Simulation Directory exists?* I have access to the directory?
Set (a)
v2.LR.piControl_land no N/A
Set (b)
v2.LR.hist-GHG_0151 yes no
v2.LR.hist-aer_0151 yes no
v2.LR.hist-all-xGHG-xaer_0151 yes no
v2.LR.piClim-histall_0031 yes no
v2.LR.piClim-histaer_0031 yes no
Set (c)
v2.NARRM.historical_0151 yes yes
v2.NARRM.historical_0201 yes yes
v2.NARRM.historical_0251 yes yes

*In /home/projects/e3sm/www/WaterCycle/E3SMv2/LR or /home/projects/e3sm/www/WaterCycle/E3SMv2/NARRM
(a) There doesn't seem to be an archive of this simulation. We probably won't be able to find the original checksum.
(b) I will need permissions to these simulation archives.
(c) I have permissions to these simulation archives. In theory, if I run zstash extract on them and then run the following checksum generator code block, we could find the expected checksums:

cd  <extracted_simulation>/tests
for test in *_*_ndays
do
  gunzip -c ${test}/run/atm.log.*.gz | grep '^ nstep, te ' | uniq > atm_${test}.txt
done
md5sum atm_*_ndays.txt

@forsyth2
Copy link
Collaborator Author

(c) I have permissions to these simulation archives. In theory, if I run zstash extract on them and then run the following checksum generator code block, we could find the expected checksums

Running:

$ screen
$ cd /lcrc/group/e3sm/ac.forsyth2/E3SMv2_test/zstash_extractions
$ mkdir v2.NARRM.historical_0151
$ cd v2.NARRM.historical_0151
$ source /lcrc/soft/climate/e3sm-unified/load_latest_e3sm_unified_chrysalis.sh
$ zstash extract -v --hpss=globus://nersc/home/projects/e3sm/www/WaterCycle/E3SMv2/NARRM/v2.NARRM.historical_0151/tests

Got globus_sdk.services.transfer.errors.TransferAPIError.

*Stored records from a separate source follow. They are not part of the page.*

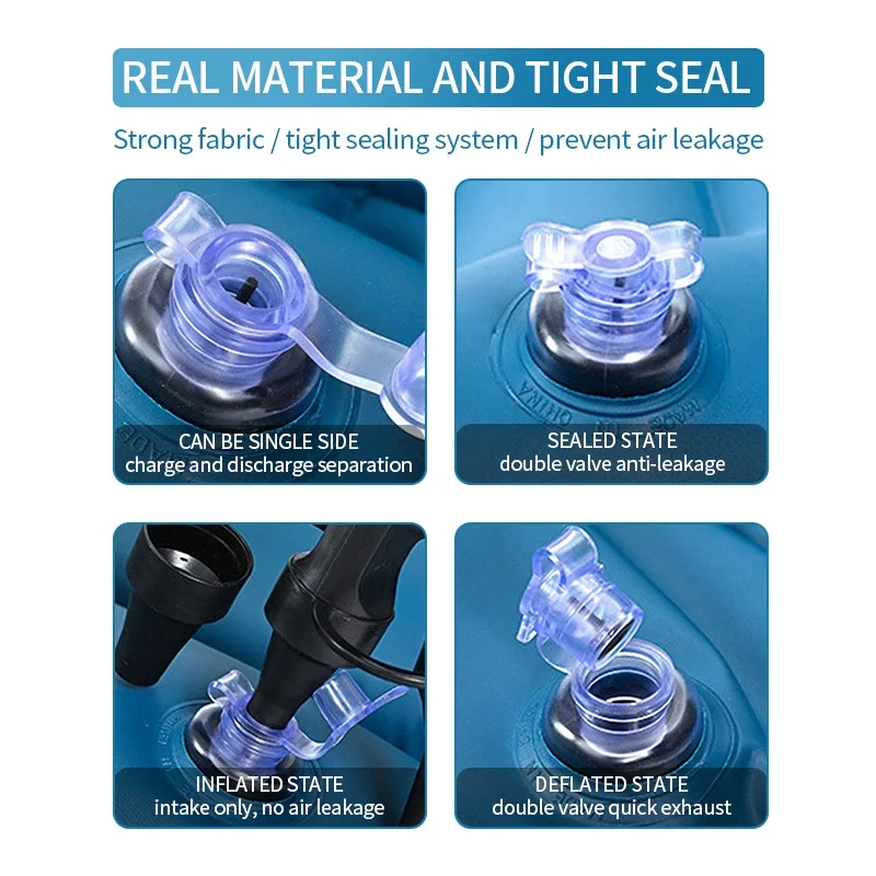Мягкие материалы: Наша дорожная кровать изготовлена из высококачественного ПВХ с мягкой Флокированной поверхностью. Когда вы чувствуете усталость, вы можете лежать на автомобильном воздушном матраце удобно и уютно, чтобы наслаждаться звуковым сном.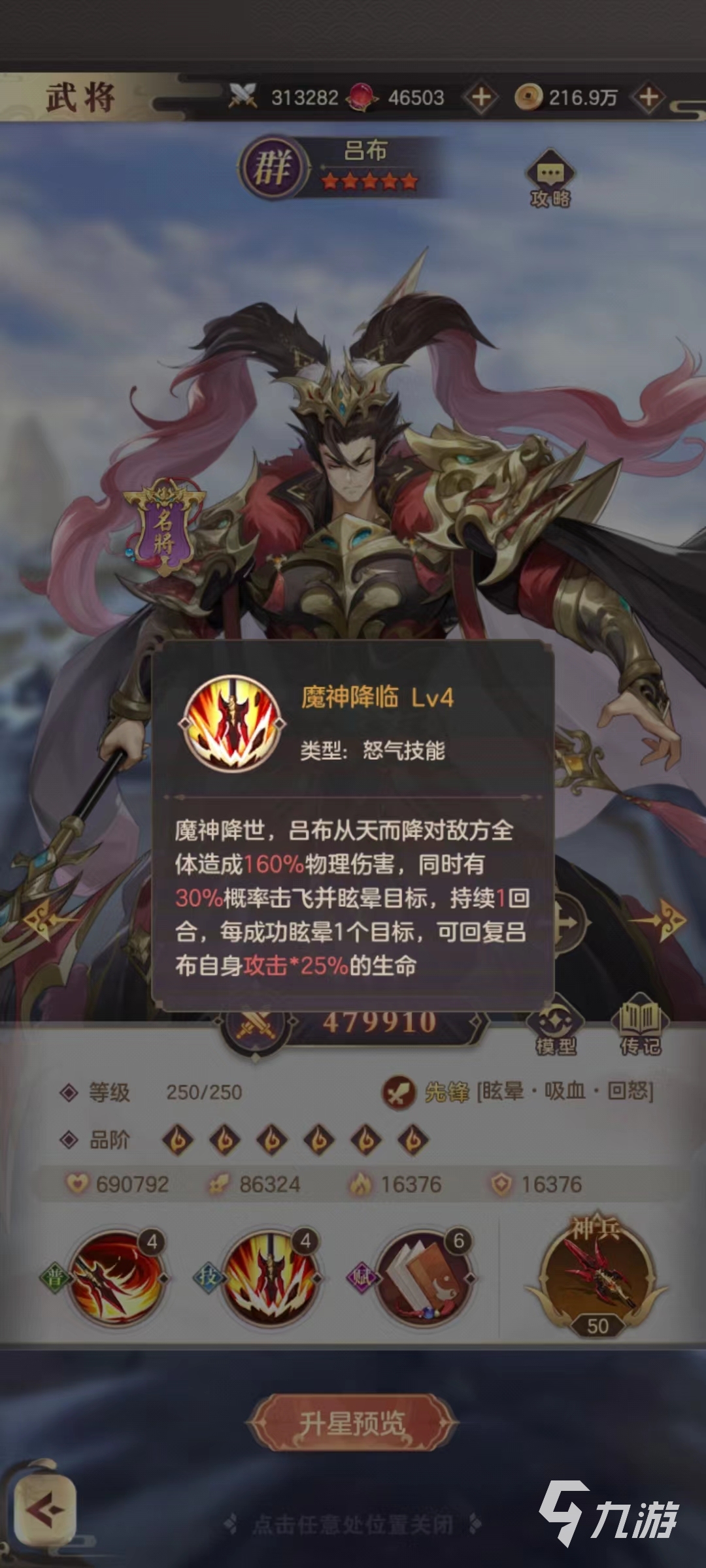 目前排名第一的當(dāng)之無愧屬于呂布,這名來自群雄陣營的強(qiáng)力武將擅長眩暈、吸血和回復(fù)怒氣。自身普通技能浴血,直接傷害對(duì)方前排所有單位,怒氣技能魔神降臨,跳起之后重重落下來對(duì)敵方全體武將造成一次高額物理傷害,并且有一定幾率將傷害目標(biāo)擊飛同時(shí)眩暈。被眩暈敵人在一回合之內(nèi)無法進(jìn)行任何行動(dòng),如果成功眩暈對(duì)方,那么呂布獲得生命值回復(fù)。在激活了十星天賦后還會(huì)附加降低怒氣效果。所以現(xiàn)在呂布經(jīng)常被用來當(dāng)做單核,甚至有些極端玩家只上陣一名武將那就是呂布,效果出奇好。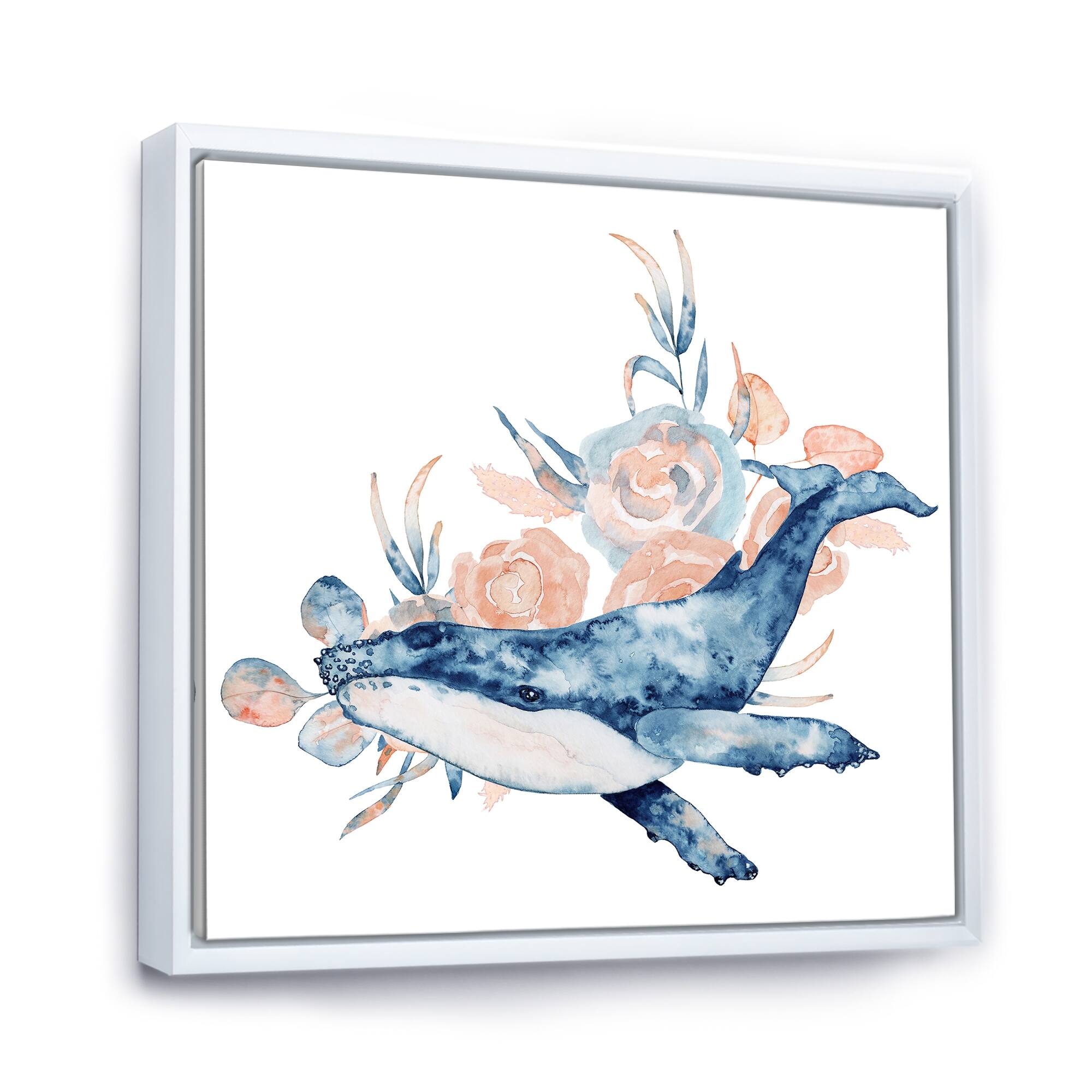 Designart "Blue Whale on White III" Nautical & Coastal Framed Canvas Wall Art Print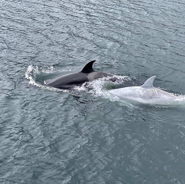 伴随着鳀游克的还有另外两只色素正常的虎鲸:它的母亲和它的祖母。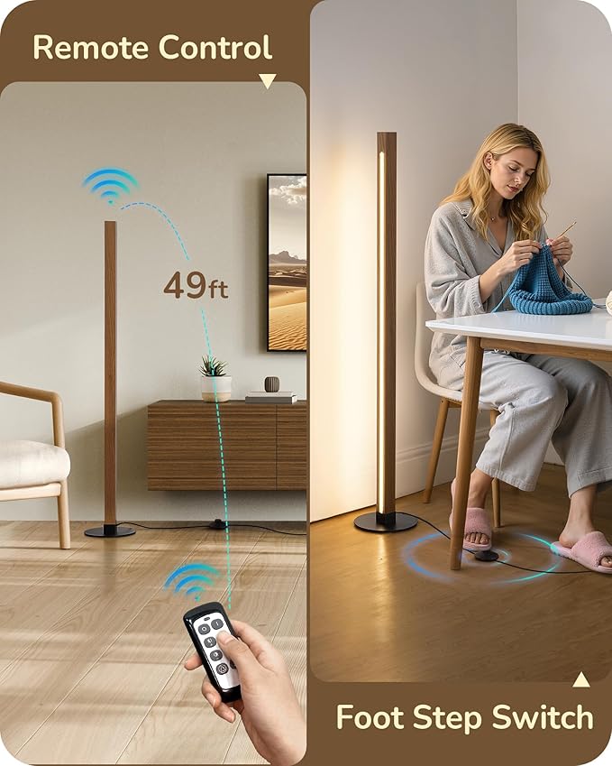 - [Remote & Foot Switch] Use the included remote control (up to 49ft range) for convenient access to this led corner lamp, or operate via the foot switchβtap to ON-2700K/4500K/6000K-OFF, or long press for stepless dimming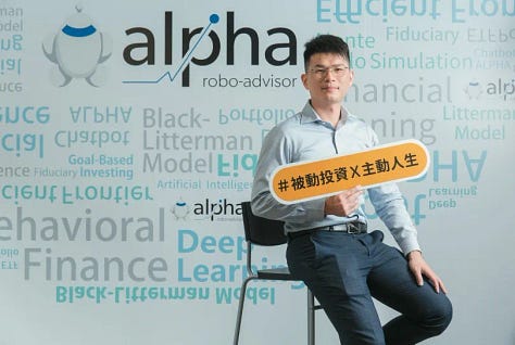 為了把這些投資理念在台灣落實,我們經過金管會的核准,建立了「阿爾發機器人理財」平台,希望在台灣有個金融機構能夠以被動投資為核心,幫助忙碌、不擅理財的朋友,有一個容易開始、省時的線上服務。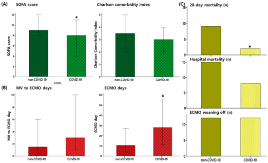 Comparison of patients’ characteristics classified by the diagnosis of COVID-19 as the cause of acute respiratory distress syndrome. (A) Sequential organ failure assessment score and Charlson comorbidity index; (B) treatment course explained with the time period of the initiation of mechanical ventilation to extracorporeal membrane oxygenation (ECMO) and duration of ECMO support (days); (C) outcomes of patients, 28-day mortality, hospital mortality, and the number of patients successfully weaned off ECMO. *, p < 0.05 when compared between non-COVID-19 patients and COVID-19 patients. Non-COVID-19 patients were indicated with dotted bar and COVID-19 patients were indicated with solid bar in the graphs.
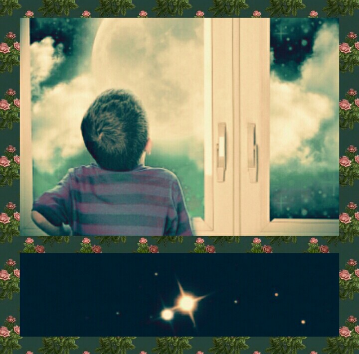 На черном фоне, близ луны, сверкают две звезды.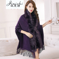 冬欧美新款女装大码针织开衫斗篷外套仿狐狸毛皮草披肩斗篷黑色均码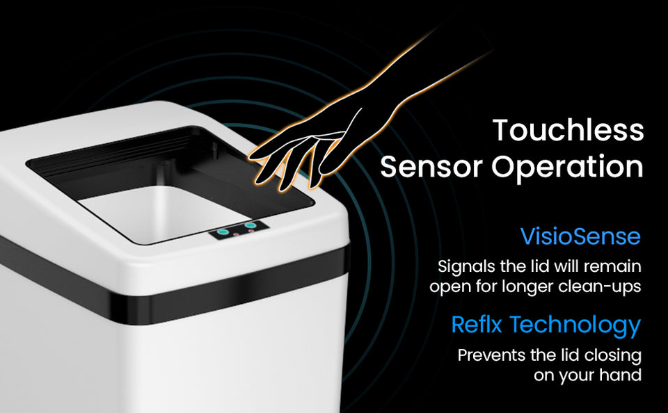 - Hygienic, touchless lid operation for hands-free convenience, making it the perfect automatic trash can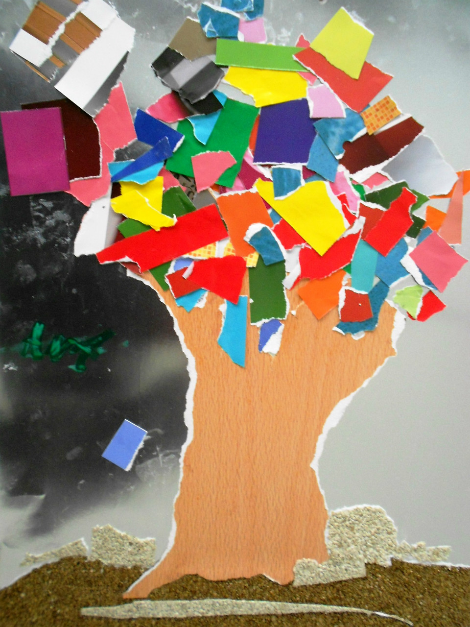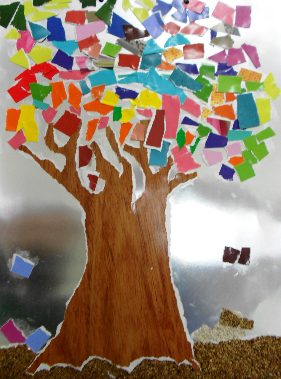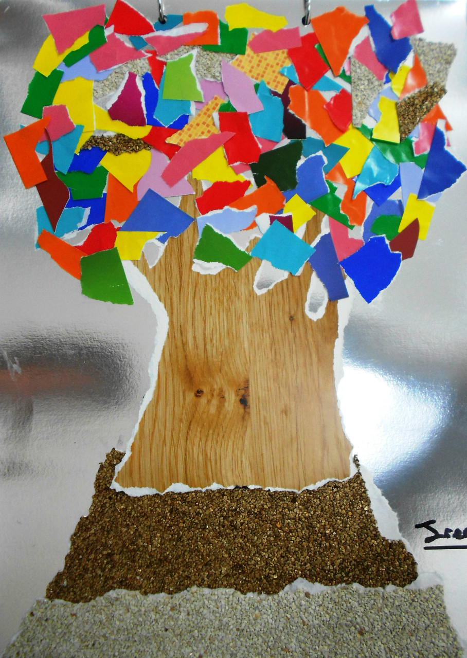 Hola de nuevo. El objetivo de esta semana era realizar un collage. Dado que algunos de los niñ@s que vienen al taller son bastante pequeños, decidí que no iban a utilizar tijeras, sino la técnica de rasgado de papel. Para este ejercicio nos hemos inspirado en un trabajo de Violeta Monreal. Como siempre, los resultados son muy variados, ya que los niñ@s podían elegir entre un fondo de cartulina brillante o mate. Además de esto, también quedaban a su elección el tono del árbol, para el que utilizaron un papel ilustrado con una imagen de madera, y las hojas, que podían ser en tonos contrastados o en una misma gama de color. Aquí os dejo los resultados.

Logged into Globus with NERSC credentials. Authenticated with LCRC credentials for the LCRC endpoint in the file manager.

Rerunning

$ rm -rf zstash
$ zstash extract -v --hpss=globus://nersc/home/projects/e3sm/www/WaterCycle/E3SMv2/NARRM/v2.NARRM.historical_0151/tests

Still got globus_sdk.services.transfer.errors.TransferAPIError.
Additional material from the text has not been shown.